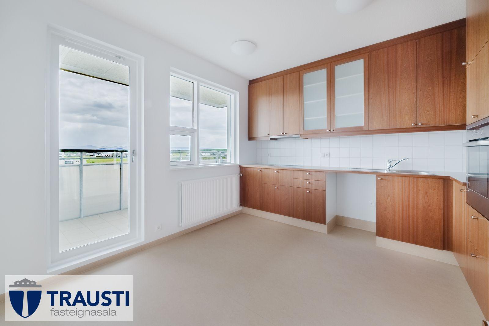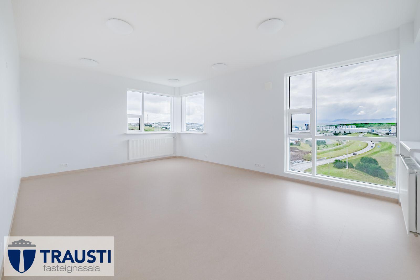 Stofa/borðstofa er björt með glugga í suður og útgengi út á rúmgóðar suðaustur svalir með flísum á gólfi. Fallegt útsýni.
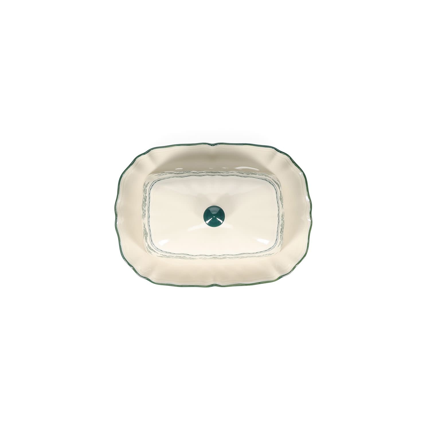 De botervloot uit de Cyril collectie heeft een afmeting van 20 x 14,5 x 8,5 cm en is uitgevoerd in een groene kleur met ivoorkleurige accenten. Het ontwerp is rechthoekig en gemaakt van verfijnd porselein met een niet reactieve glazuurafwerking en subtiel patroon.
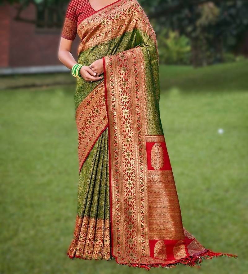 Mehendi new exclusive banarasi silk saree with unstitched blouse piece

• _Goal of the exercise_:
Beginning with the line that holds "De botervloot uit", write out exactly the lines down to the end of the material above, and no others. Pictures are not part of the copy.

• _Result for this exercise_:
 De botervloot uit de Cyril collectie heeft een afmeting van 20 x 14,5 x 8,5 cm en is uitgevoerd in een groene kleur met ivoorkleurige accenten. Het ontwerp is rechthoekig en gemaakt van verfijnd porselein met een niet reactieve glazuurafwerking en subtiel patroon.
 Mehendi new exclusive banarasi silk saree with unstitched blouse piece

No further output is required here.